Della serie “Solo in Russia”: taxi cade in canale, “naviga” per 20 minuti sulle acque della Mojka

Sergey Karpinsky
È successo a San Pietroburgo. Guidatore e passeggero terrorizzati urlavano: “Non sappiamo nuotare”. Ancora da accertare le cause dell’incidente

Brutta avventura per un tassista di San Pietroburgo e il suo sfortunato passeggero: il 17 novembre, infatti, alcuni passanti hanno notato un curioso “anfibio” - bianco, quattro ruote e l’insegna Yandex.Taxi lampeggiante - scivolare a pelo d’acqua sul fiume Mojka, un canale della Neva. Al suo interno, due disperati signori. “Aiuto! Non sappiamo nuotare!”, urlavano.

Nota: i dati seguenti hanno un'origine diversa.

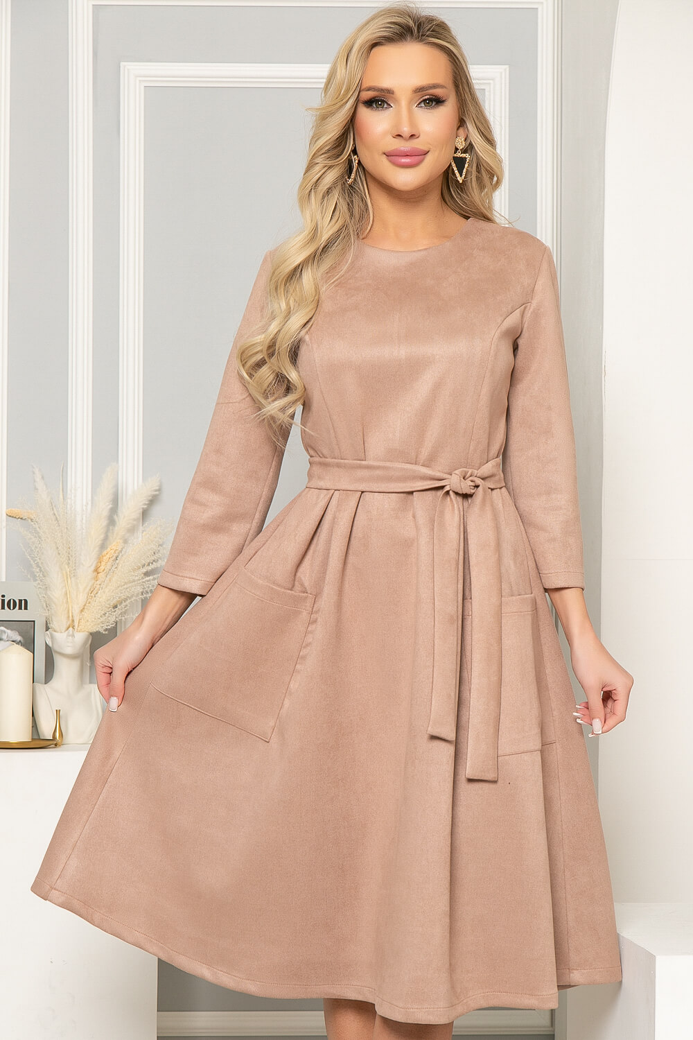 Платье из экозамши станет прекрасным вариантом на каждый день. Наряд из замши приятен к телу и наощупь. Платья из замшевой ткани можно носить в любое время года, они пользуются спросом среди женщин всех возрастов. Оттенок платья позволяет создавать множество интересных цветовых сочетаний. Вырез горловины - округлый. Втачной рукав три четверти. В комплект входит пояс из основной ткани. Платье без подкладки.

Il taxi, finito in acqua in condizioni ancora da accertare, ha galleggiato sul canale per quasi venti minuti. Inutili i tentativi di alcuni passanti di salvare i due malcapitati mediante l’uso di una corda.

Secondo i testimoni il taxi avrebbe galleggiato per parecchio tempo prima che arrivassero i soccorsi. In attesa di stabilire le ragioni dell’incidente, su internet si sono ovviamente sprecati i commenti, alcuni dei quali ipotizzavano che si trattasse di una mossa di marketing studiata da Yandex.Taxi: “I nostri taxi sono resistenti all’acqua!”, ha scritto qualcuno, ironico, sui social network.